- _Required action_:
The lines to copy run from the one containing "前往极智C盘清理官网免费下载使用。https://www.cpanx.com/" to the end of the listing. Please write them out exactly, minus the pictures.

- _Available data_:
• • •
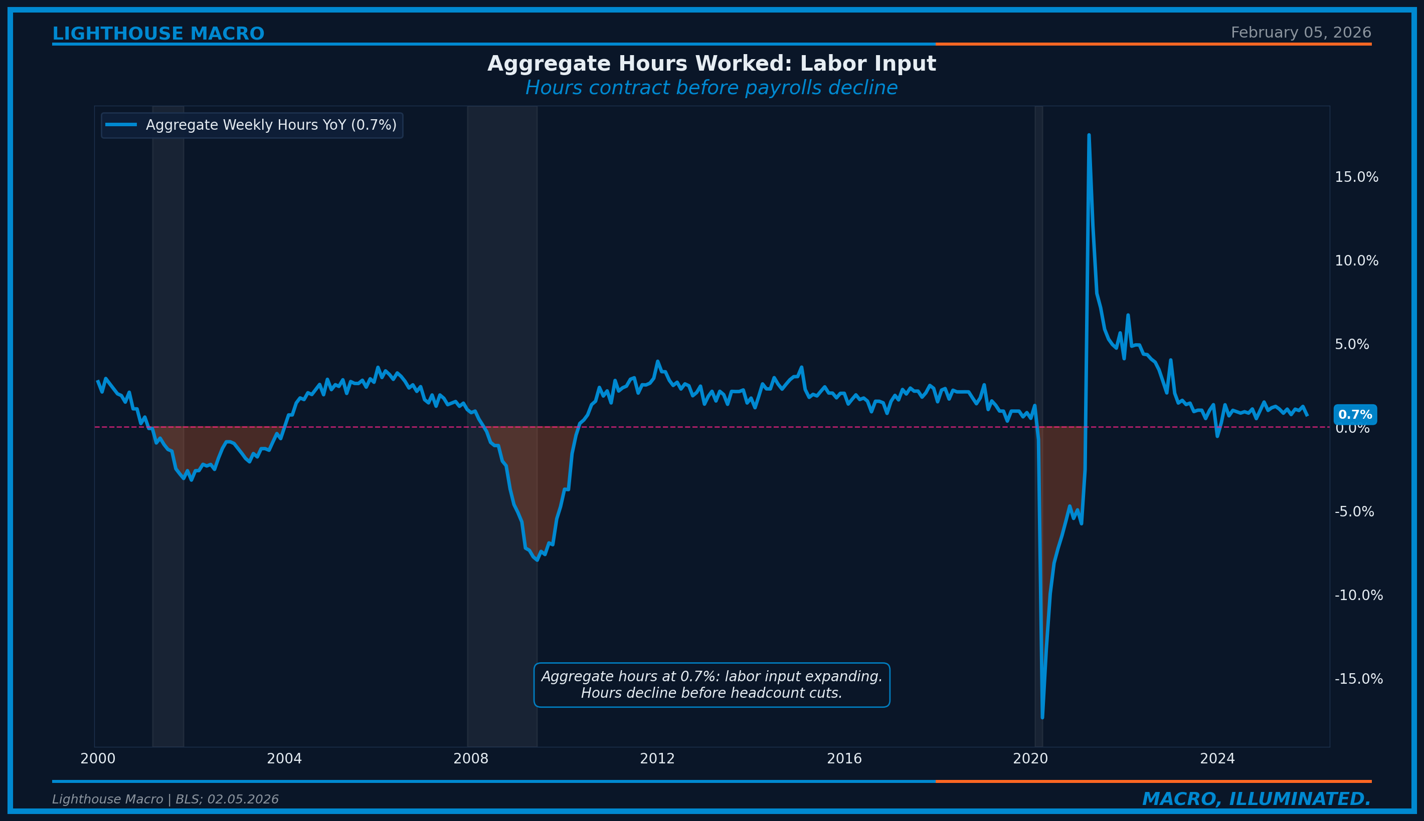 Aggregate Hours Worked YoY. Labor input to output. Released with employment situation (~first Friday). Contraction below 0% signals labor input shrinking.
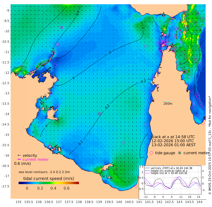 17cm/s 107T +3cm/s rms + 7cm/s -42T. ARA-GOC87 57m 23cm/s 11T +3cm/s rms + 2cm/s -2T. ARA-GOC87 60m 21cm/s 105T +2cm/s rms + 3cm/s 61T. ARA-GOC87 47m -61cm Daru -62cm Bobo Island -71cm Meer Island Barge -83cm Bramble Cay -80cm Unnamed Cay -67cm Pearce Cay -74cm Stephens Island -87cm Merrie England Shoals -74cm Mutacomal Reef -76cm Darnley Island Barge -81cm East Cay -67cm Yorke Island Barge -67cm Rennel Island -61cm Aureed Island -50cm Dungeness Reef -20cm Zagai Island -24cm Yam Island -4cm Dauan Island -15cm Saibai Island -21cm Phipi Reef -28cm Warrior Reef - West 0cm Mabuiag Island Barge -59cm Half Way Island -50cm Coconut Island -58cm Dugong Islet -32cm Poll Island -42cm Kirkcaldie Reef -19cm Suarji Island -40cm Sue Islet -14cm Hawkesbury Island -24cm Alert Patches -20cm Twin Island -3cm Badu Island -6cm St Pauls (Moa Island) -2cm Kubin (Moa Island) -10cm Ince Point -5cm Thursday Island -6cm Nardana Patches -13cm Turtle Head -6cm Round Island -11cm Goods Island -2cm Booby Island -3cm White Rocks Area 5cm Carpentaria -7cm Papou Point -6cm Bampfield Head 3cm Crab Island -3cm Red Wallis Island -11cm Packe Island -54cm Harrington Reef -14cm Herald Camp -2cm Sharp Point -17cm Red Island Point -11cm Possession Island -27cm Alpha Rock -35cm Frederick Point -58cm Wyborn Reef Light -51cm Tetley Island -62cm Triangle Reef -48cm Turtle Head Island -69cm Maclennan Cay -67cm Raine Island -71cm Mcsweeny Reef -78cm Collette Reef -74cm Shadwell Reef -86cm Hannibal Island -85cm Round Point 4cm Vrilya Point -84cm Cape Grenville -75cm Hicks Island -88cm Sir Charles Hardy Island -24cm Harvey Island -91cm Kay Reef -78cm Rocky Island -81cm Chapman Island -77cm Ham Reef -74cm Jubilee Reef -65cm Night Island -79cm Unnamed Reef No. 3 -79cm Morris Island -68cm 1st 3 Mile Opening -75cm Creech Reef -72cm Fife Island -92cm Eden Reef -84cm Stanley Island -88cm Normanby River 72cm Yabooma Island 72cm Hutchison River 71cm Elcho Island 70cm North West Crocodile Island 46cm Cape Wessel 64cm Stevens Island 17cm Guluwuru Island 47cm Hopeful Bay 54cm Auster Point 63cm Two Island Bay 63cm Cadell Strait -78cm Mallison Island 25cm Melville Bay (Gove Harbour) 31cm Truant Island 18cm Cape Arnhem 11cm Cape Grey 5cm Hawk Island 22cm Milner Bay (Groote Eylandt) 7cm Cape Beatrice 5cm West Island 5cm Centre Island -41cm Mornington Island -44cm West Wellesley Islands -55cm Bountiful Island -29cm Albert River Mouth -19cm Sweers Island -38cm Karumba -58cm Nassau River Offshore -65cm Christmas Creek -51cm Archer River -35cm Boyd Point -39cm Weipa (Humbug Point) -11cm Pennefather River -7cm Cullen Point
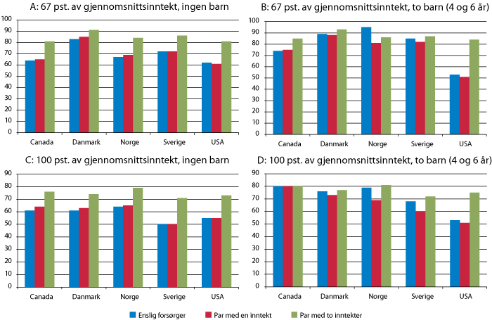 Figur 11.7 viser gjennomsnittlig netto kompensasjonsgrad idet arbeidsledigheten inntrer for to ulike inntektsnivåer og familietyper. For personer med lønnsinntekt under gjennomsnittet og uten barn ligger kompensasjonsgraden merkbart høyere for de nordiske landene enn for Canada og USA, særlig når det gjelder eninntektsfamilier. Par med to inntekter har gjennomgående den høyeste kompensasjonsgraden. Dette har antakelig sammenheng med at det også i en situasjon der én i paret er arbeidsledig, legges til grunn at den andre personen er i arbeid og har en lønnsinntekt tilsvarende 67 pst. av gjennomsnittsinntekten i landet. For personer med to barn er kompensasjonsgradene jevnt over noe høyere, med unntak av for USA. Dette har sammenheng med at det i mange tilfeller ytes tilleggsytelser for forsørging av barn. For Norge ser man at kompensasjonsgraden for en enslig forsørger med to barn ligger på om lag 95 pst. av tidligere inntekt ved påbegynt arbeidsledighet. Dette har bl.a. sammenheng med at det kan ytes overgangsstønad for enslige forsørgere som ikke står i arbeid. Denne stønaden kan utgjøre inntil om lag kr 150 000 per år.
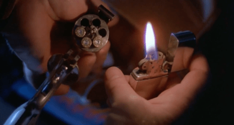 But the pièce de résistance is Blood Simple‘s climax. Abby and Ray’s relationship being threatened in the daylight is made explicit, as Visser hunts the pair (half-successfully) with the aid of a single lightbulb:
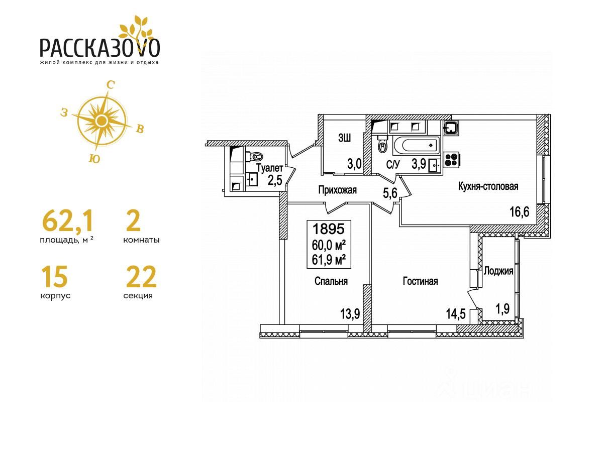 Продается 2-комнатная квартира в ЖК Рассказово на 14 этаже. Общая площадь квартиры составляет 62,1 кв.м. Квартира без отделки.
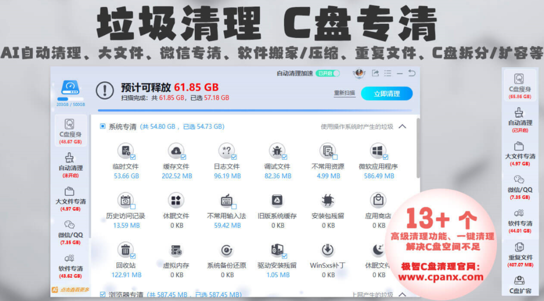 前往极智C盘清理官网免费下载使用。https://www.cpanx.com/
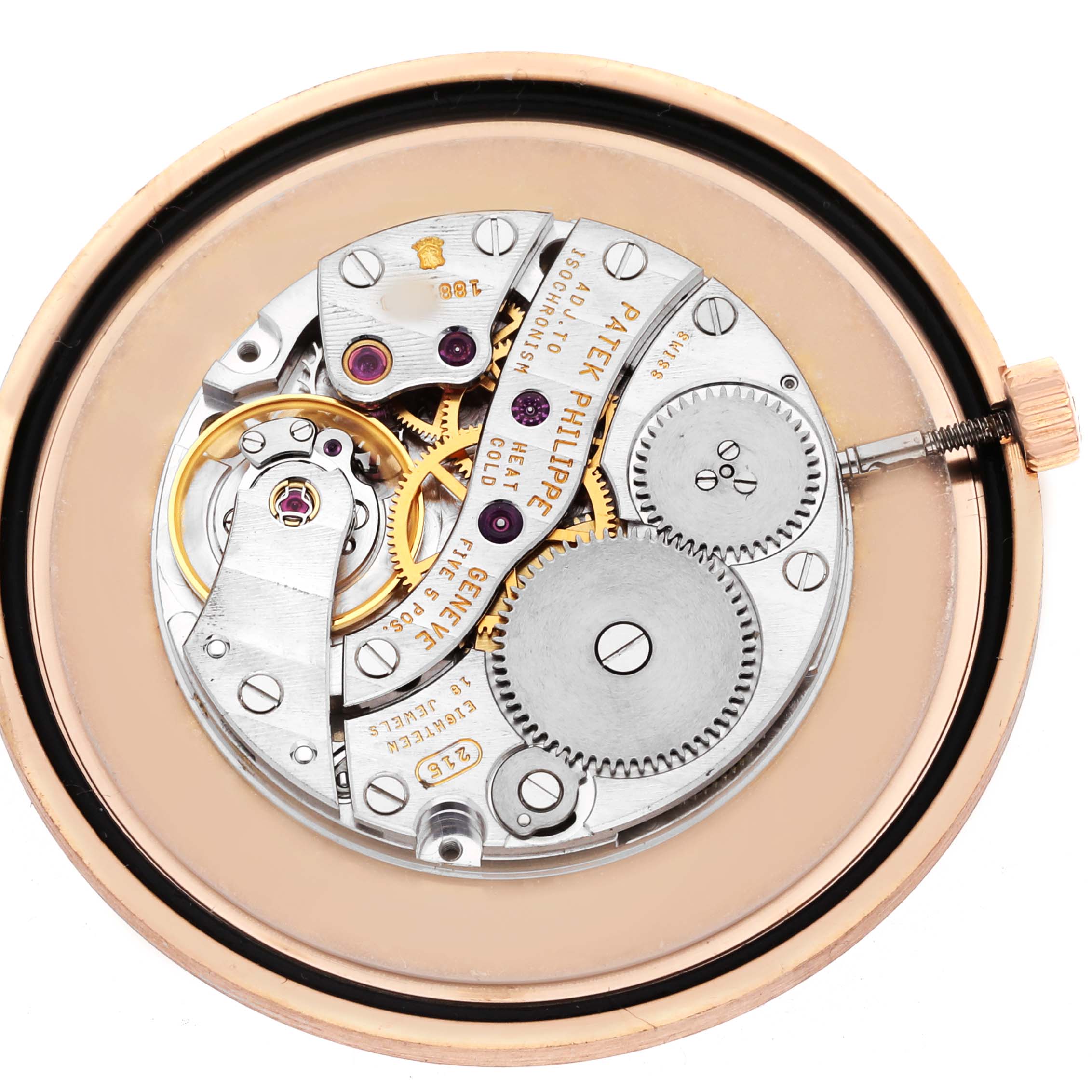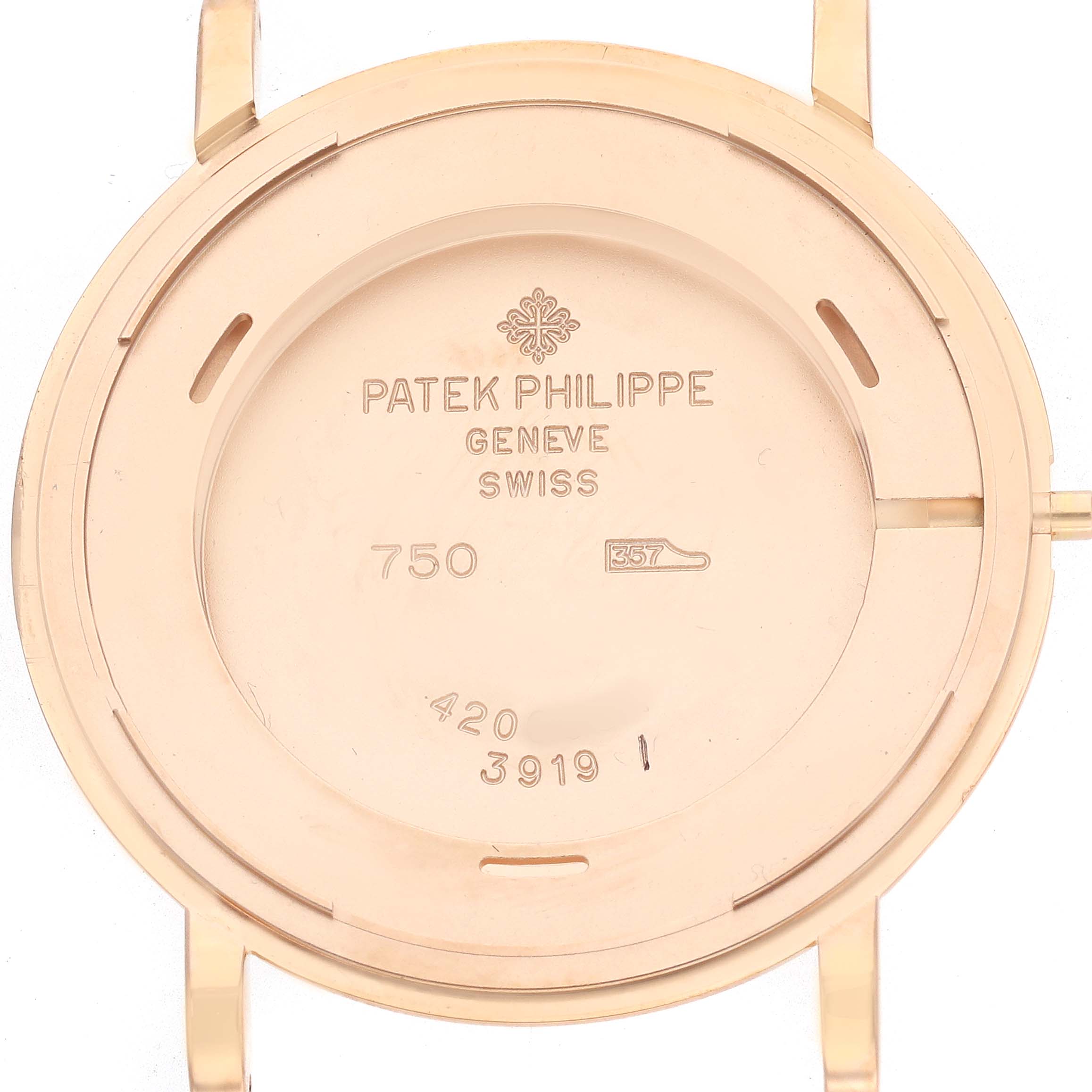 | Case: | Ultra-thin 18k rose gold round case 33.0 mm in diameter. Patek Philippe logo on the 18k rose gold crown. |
• • •
- _Answer to this exercise_:
 前往极智C盘清理官网免费下载使用。https://www.cpanx.com/
 | Case: | Ultra-thin 18k rose gold round case 33.0 mm in diameter. Patek Philippe logo on the 18k rose gold crown. |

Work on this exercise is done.